What this task involves: Reproduce all of the data exactly. Images are not to appear in the reply.

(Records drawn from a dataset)
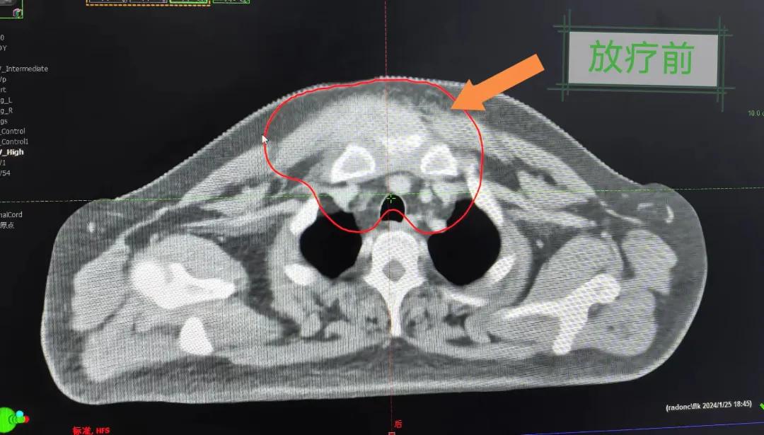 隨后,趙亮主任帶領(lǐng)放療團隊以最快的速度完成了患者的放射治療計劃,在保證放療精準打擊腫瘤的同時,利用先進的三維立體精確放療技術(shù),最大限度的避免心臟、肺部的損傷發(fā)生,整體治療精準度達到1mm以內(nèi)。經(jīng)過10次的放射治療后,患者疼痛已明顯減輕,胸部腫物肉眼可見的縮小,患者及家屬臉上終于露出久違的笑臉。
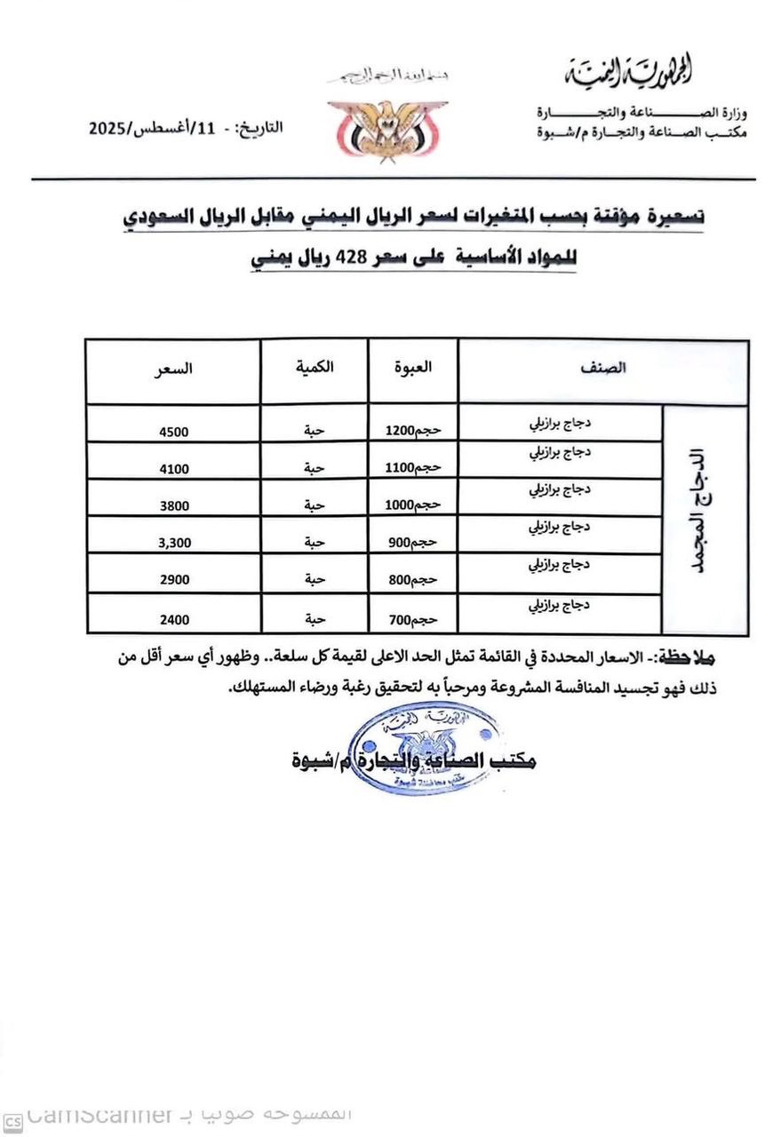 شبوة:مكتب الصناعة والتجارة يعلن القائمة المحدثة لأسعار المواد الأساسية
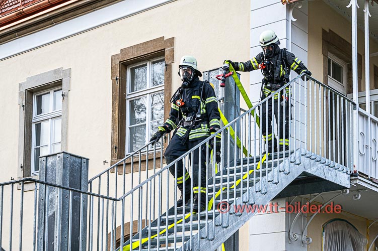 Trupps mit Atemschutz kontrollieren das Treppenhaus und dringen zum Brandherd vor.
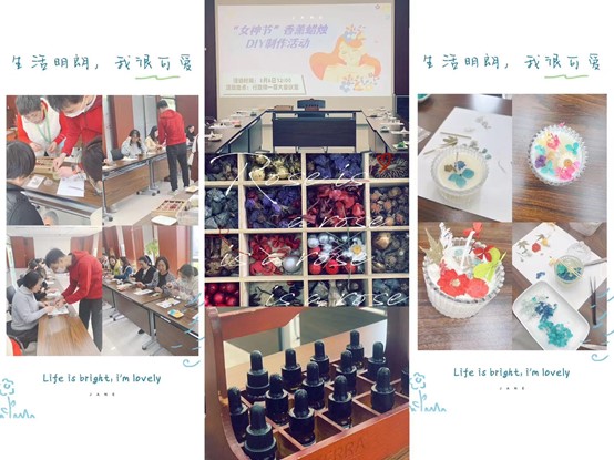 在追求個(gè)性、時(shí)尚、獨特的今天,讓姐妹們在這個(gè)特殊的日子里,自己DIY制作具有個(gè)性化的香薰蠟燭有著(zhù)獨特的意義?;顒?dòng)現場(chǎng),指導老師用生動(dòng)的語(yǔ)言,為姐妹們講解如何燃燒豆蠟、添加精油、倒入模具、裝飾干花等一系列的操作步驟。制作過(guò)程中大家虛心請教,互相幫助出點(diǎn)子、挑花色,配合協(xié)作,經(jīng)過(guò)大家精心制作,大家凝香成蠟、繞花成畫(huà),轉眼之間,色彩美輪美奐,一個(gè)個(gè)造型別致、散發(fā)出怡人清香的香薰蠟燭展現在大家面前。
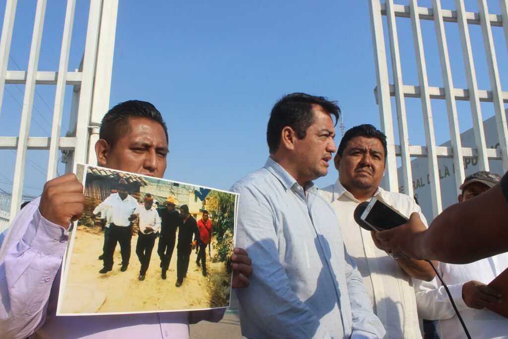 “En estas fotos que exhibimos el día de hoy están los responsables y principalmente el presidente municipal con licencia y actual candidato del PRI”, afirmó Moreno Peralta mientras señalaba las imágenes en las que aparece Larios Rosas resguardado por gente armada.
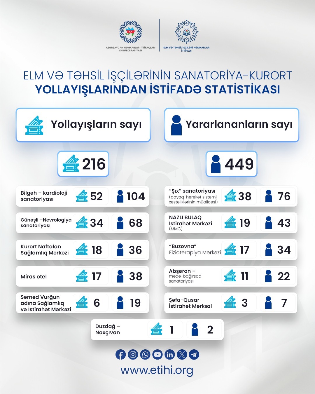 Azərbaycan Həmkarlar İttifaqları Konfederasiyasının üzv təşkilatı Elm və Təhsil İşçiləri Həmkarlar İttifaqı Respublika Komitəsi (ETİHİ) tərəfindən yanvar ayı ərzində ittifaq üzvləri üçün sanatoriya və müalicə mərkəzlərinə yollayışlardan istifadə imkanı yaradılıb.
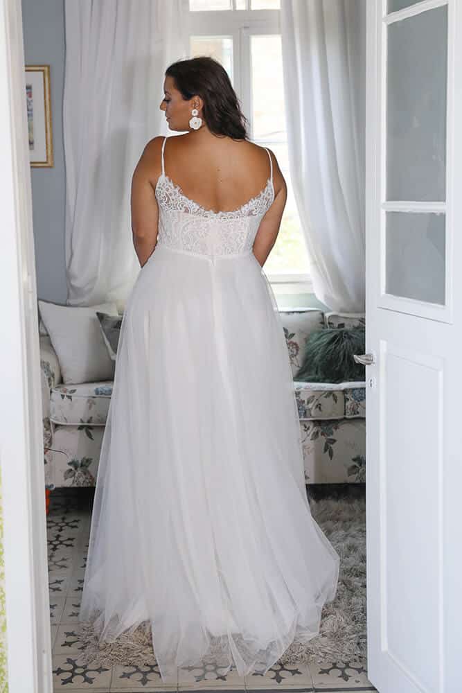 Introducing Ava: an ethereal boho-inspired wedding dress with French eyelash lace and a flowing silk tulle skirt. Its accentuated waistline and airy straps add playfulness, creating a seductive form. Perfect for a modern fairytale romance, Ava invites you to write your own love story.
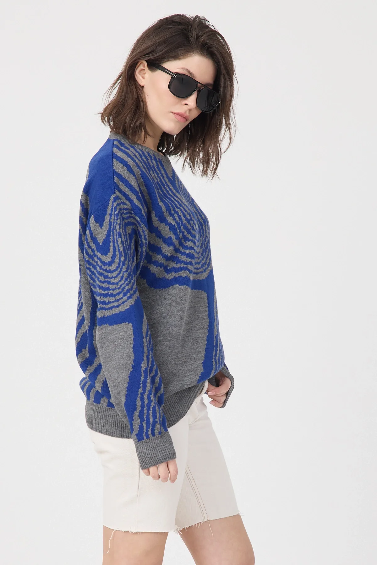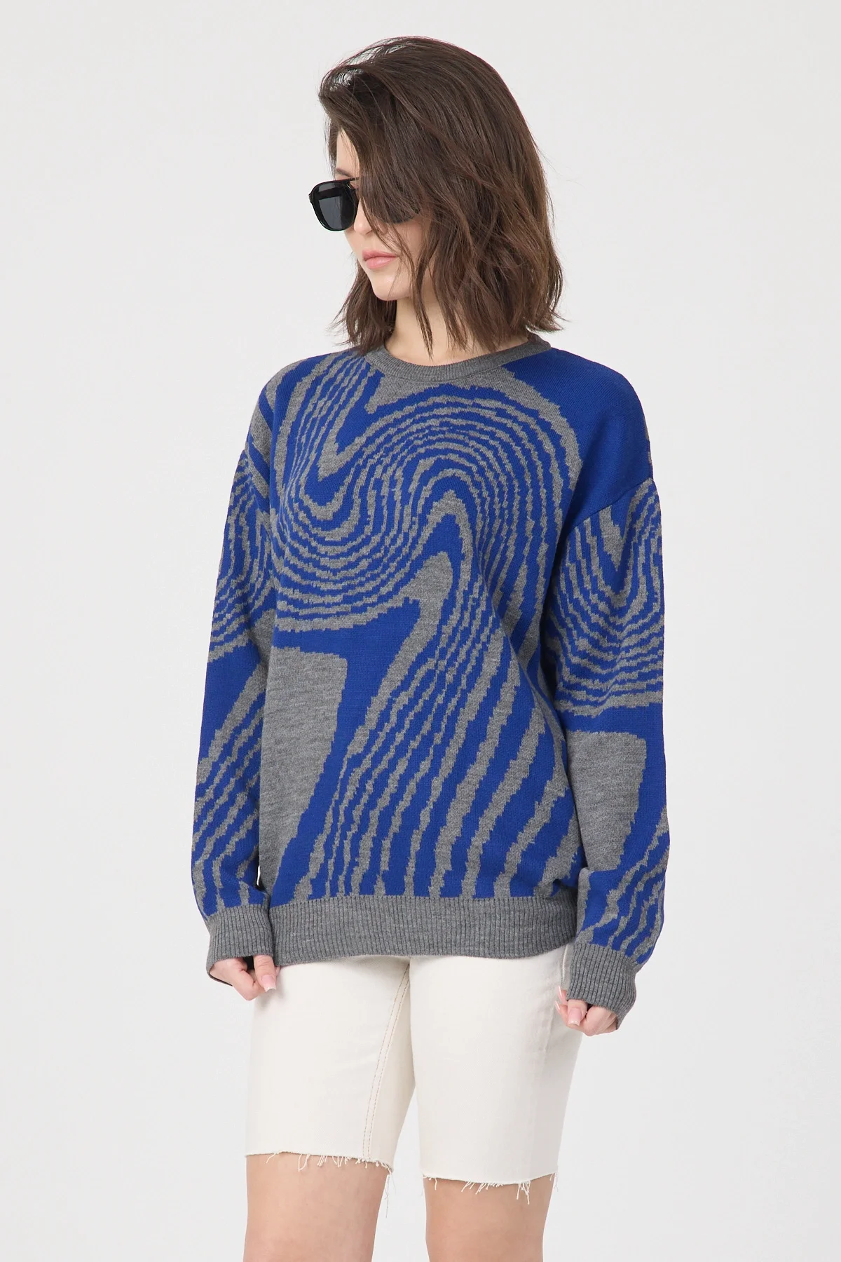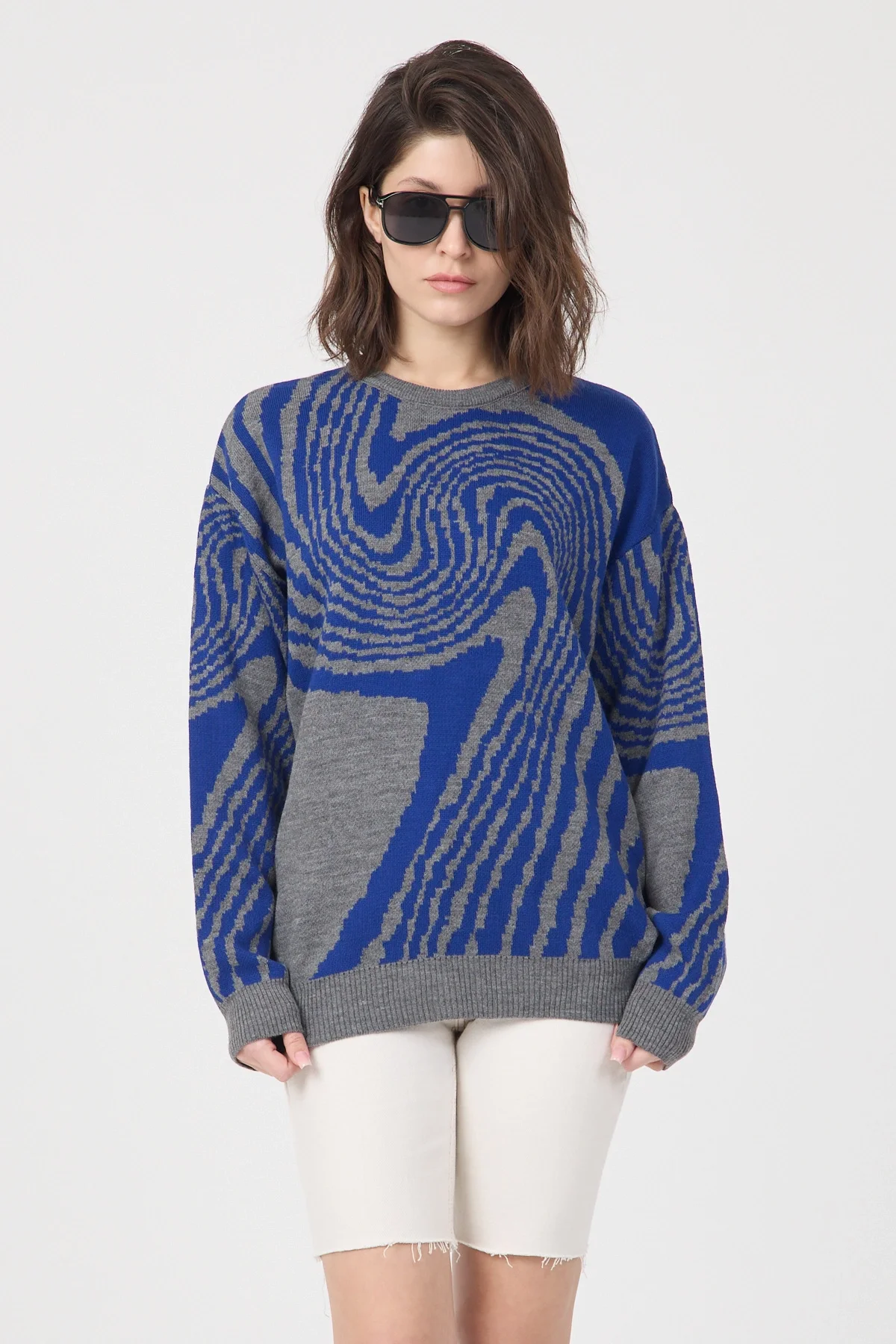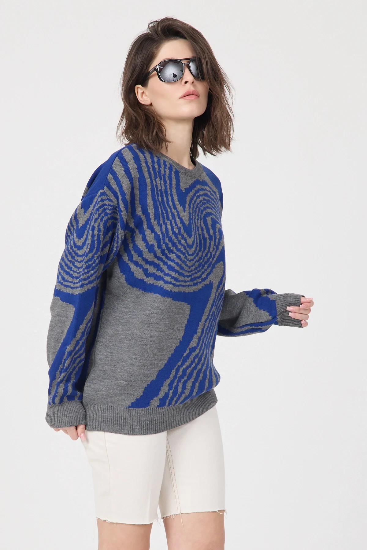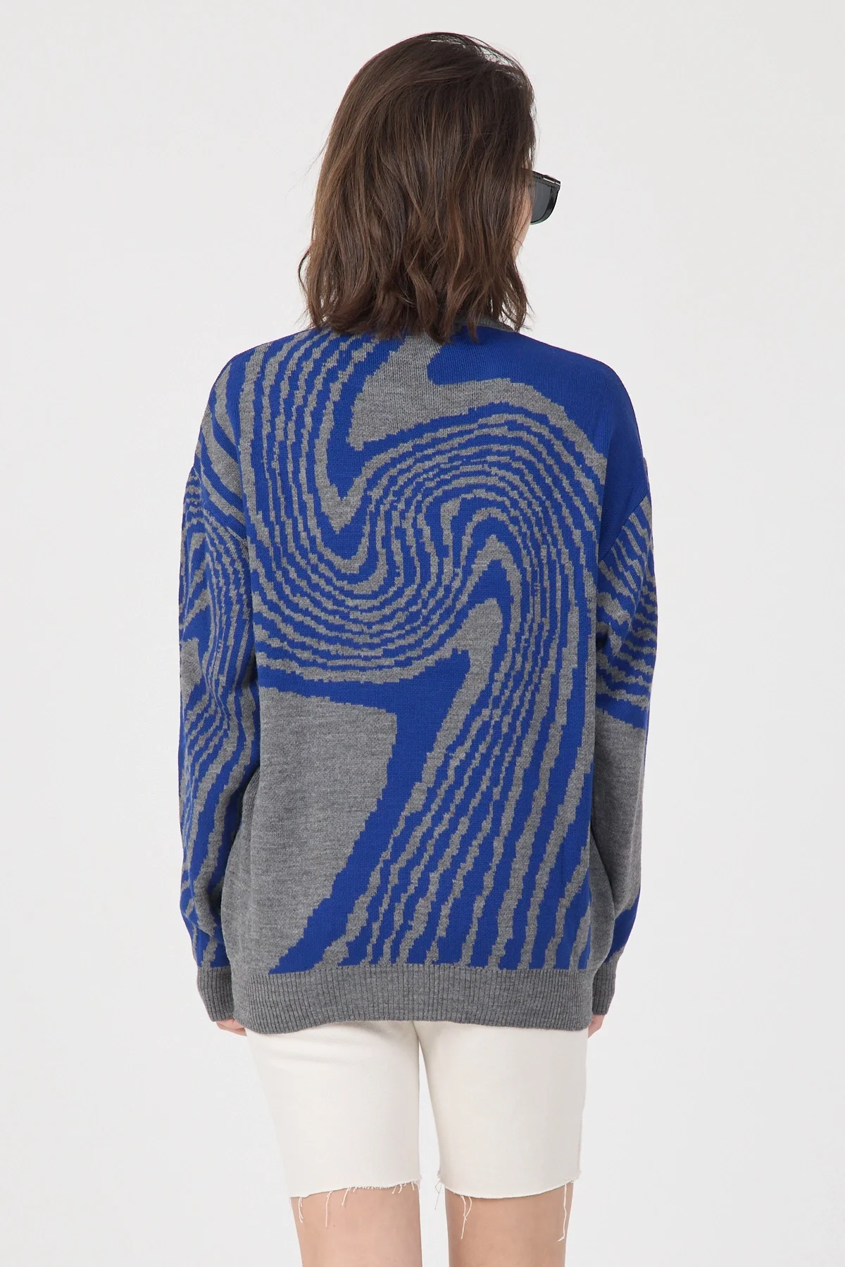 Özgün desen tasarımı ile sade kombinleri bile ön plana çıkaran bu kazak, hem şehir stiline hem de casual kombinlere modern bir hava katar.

Output for this exercise:
 隨后,趙亮主任帶領(lǐng)放療團隊以最快的速度完成了患者的放射治療計劃,在保證放療精準打擊腫瘤的同時,利用先進的三維立體精確放療技術(shù),最大限度的避免心臟、肺部的損傷發(fā)生,整體治療精準度達到1mm以內(nèi)。經(jīng)過10次的放射治療后,患者疼痛已明顯減輕,胸部腫物肉眼可見的縮小,患者及家屬臉上終于露出久違的笑臉。
 شبوة:مكتب الصناعة والتجارة يعلن القائمة المحدثة لأسعار المواد الأساسية
 Trupps mit Atemschutz kontrollieren das Treppenhaus und dringen zum Brandherd vor.
 在追求個(gè)性、時(shí)尚、獨特的今天,讓姐妹們在這個(gè)特殊的日子里,自己DIY制作具有個(gè)性化的香薰蠟燭有著(zhù)獨特的意義?;顒?dòng)現場(chǎng),指導老師用生動(dòng)的語(yǔ)言,為姐妹們講解如何燃燒豆蠟、添加精油、倒入模具、裝飾干花等一系列的操作步驟。制作過(guò)程中大家虛心請教,互相幫助出點(diǎn)子、挑花色,配合協(xié)作,經(jīng)過(guò)大家精心制作,大家凝香成蠟、繞花成畫(huà),轉眼之間,色彩美輪美奐,一個(gè)個(gè)造型別致、散發(fā)出怡人清香的香薰蠟燭展現在大家面前。
 “En estas fotos que exhibimos el día de hoy están los responsables y principalmente el presidente municipal con licencia y actual candidato del PRI”, afirmó Moreno Peralta mientras señalaba las imágenes en las que aparece Larios Rosas resguardado por gente armada.
 Azərbaycan Həmkarlar İttifaqları Konfederasiyasının üzv təşkilatı Elm və Təhsil İşçiləri Həmkarlar İttifaqı Respublika Komitəsi (ETİHİ) tərəfindən yanvar ayı ərzində ittifaq üzvləri üçün sanatoriya və müalicə mərkəzlərinə yollayışlardan istifadə imkanı yaradılıb.
 Introducing Ava: an ethereal boho-inspired wedding dress with French eyelash lace and a flowing silk tulle skirt. Its accentuated waistline and airy straps add playfulness, creating a seductive form. Perfect for a modern fairytale romance, Ava invites you to write your own love story.
 Özgün desen tasarımı ile sade kombinleri bile ön plana çıkaran bu kazak, hem şehir stiline hem de casual kombinlere modern bir hava katar.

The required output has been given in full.